鶏卵価格の下落について。

 鶏卵は人類にとって貴重な食料であるが、その価格の変動は食料の需要と供給のバランスに影響を与える重要な問題である。昨年はウクライナ情勢と鳥インフルエンザによって、鶏卵の生産が減少し、需要が供給を上回る状況に陥った。
 その結果、店頭の価格は昨年の4、5月に高騰し、1パック(10個)190円前後だったものが350円にも跳ね上がった。すると、需要は大幅に減少し、加工業者や消費者は高価な鶏卵に代わる輸入品や代替品を探したが、それでも不足感は解消されなかった。
 実際には、鳥インフルエンザは発生した養鶏場だけで感染を抑制することができたため、生産はそれほど低下しなかった。しかし、インフレの趨勢に乗ろうとする動きや生産調整の要請があり、生産者はすぐに対応できなかったので、多くの鶏卵が廃棄されたという。牛乳も同様で、生産調整のため一時は牛を殺せと言われて一騒ぎが持ち上がった。また牛乳を廃棄するくらいならチーズなどの加工品にすれば良いという声が高かった。

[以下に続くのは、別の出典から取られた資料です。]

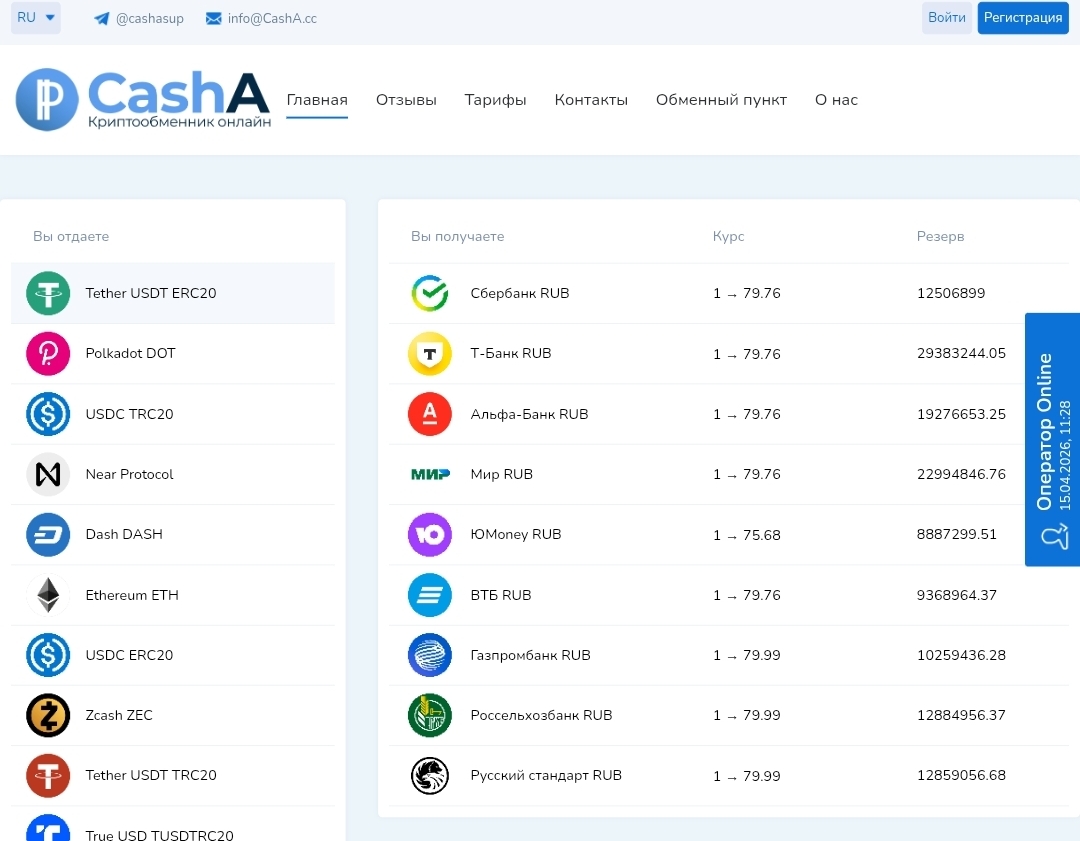 На сайте casha cc отсутствуют публичные данные о юридическом лице: нет страны регистрации компании, нет регистрационного номера, нет физического адреса. Единственные контакты — Telegram cashasup и email info CashA cc. Для сравнения: обменник Kassa cc, с которым Casha визуально схожа, зарегистрирован в Эстонии, имеет регистрационный номер, юридический адрес, телефон и подпадает под законодательство ЕС. Это принципиальная разница с точки зрения правовой защиты клиента при возникновении спора.

 今年に入ってからは、鳥インフルエンザが収束し、生産者の努力で生産が回復した。しかし、値上がりしすぎて買えなくなったままの需要は回復せず、供給が上回る状況となった。2月には1パック200円前後まで価格が下落し、再び業界は生産抑制を呼びかけている。

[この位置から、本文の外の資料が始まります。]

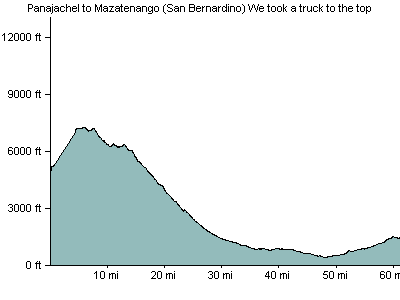 Got a ride to the top, then did the 55 miles (mostly easy) CA-2 hwy was ugly; wide, but too much traffic. Stopped in San Bernardino just outside of Mazatenango at a couple of decent hotels. Much nicer than in town.
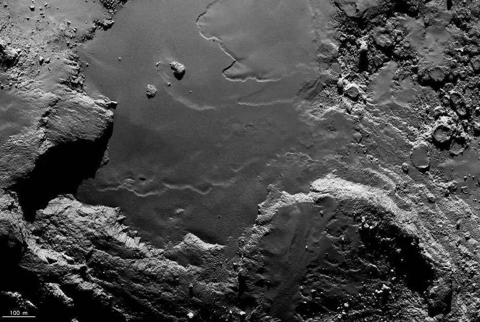 Autre constat, la surface superficielle de la comète – quelques centimètres sous la surface – serait, dans les régions illuminées par le Soleil, fortement déshydratée.

 別の視点からも気になる点がある。これは鶏卵と同様と言えるかどうかは分からないし、自分で買い物をしない自分の感覚であるから錯覚かもしれない。大抵のスーパーの入り口の正面は果物コーナーで、現在はリンゴ、ミカン、イチゴ、バナナが山のように積まれて、華やかな装いで買い物客を迎える。
 イチゴやバナナは季節問わず並ぶが、リンゴは今が最盛期か、この1カ月ほど大ぶりの見事なリンゴが果物コーナーの真ん中を占めている。産地は青森県や秋田県や長野県が多く、価格はほぼ同じで、リンゴ1個当たり150円から250円もする。果物はすでに贅沢品となったのだろうか。果物専門店なら良いだろうが、庶民相手のスーパーにしては高価な特産品ばかりを扱っているように思えて違和感を覚える。

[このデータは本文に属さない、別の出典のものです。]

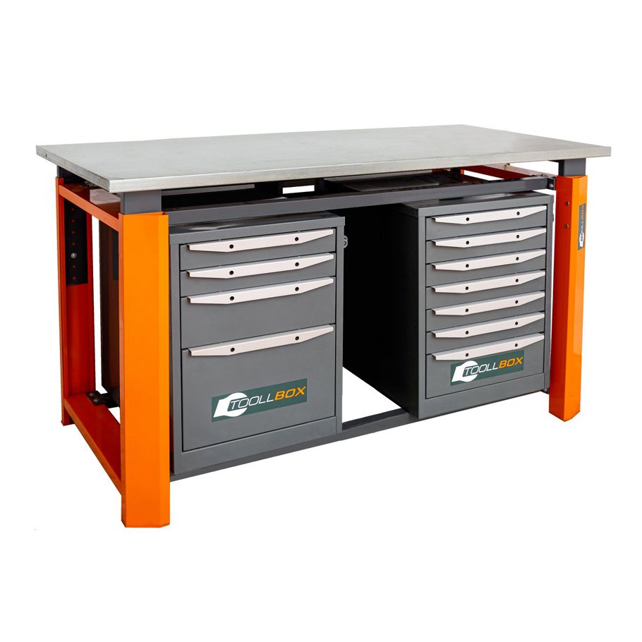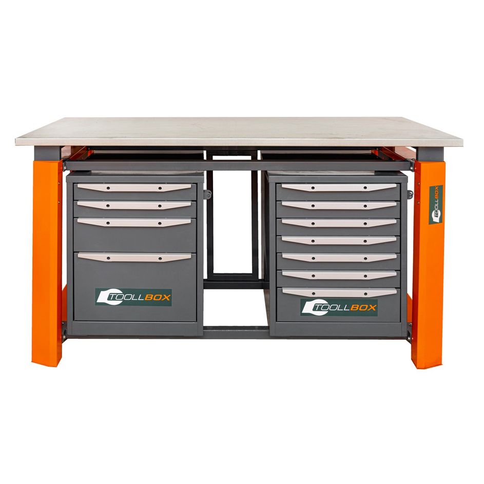 Верстак ТВР1800 (ТВ4-ТВ7) — вместительное и основательное рабочее место для мастерской, сервисной зоны или производственного участка, где важны порядок, запас прочности и удобный доступ к инструменту. Эта модель выполнена в двухтумбовом комбинированном формате: с одной стороны установлена тумба с четырьмя выдвижными ящиками, с другой — тумба с семью ящиками. Такое решение позволяет грамотно распределить оснастку, крепеж, ручной инструмент и расходные материалы, не загромождая рабочую поверхность.

 案の定、買い物客を見ると、果物コーナーを素通りする人が多く、果物をカートに入れる人は少なく、また果物の補充や詰め替えをしている店員の姿をみたことがない。以前は1個50、60円のリンゴがこれほども値上がりしては普通の人は買わない。レジに並んでいる買い物客のカゴに入っているのは、主に食パン、魚や肉や野菜で、ほとんど果物は見ない。   
 思い違いならいいけど、気になったので一言。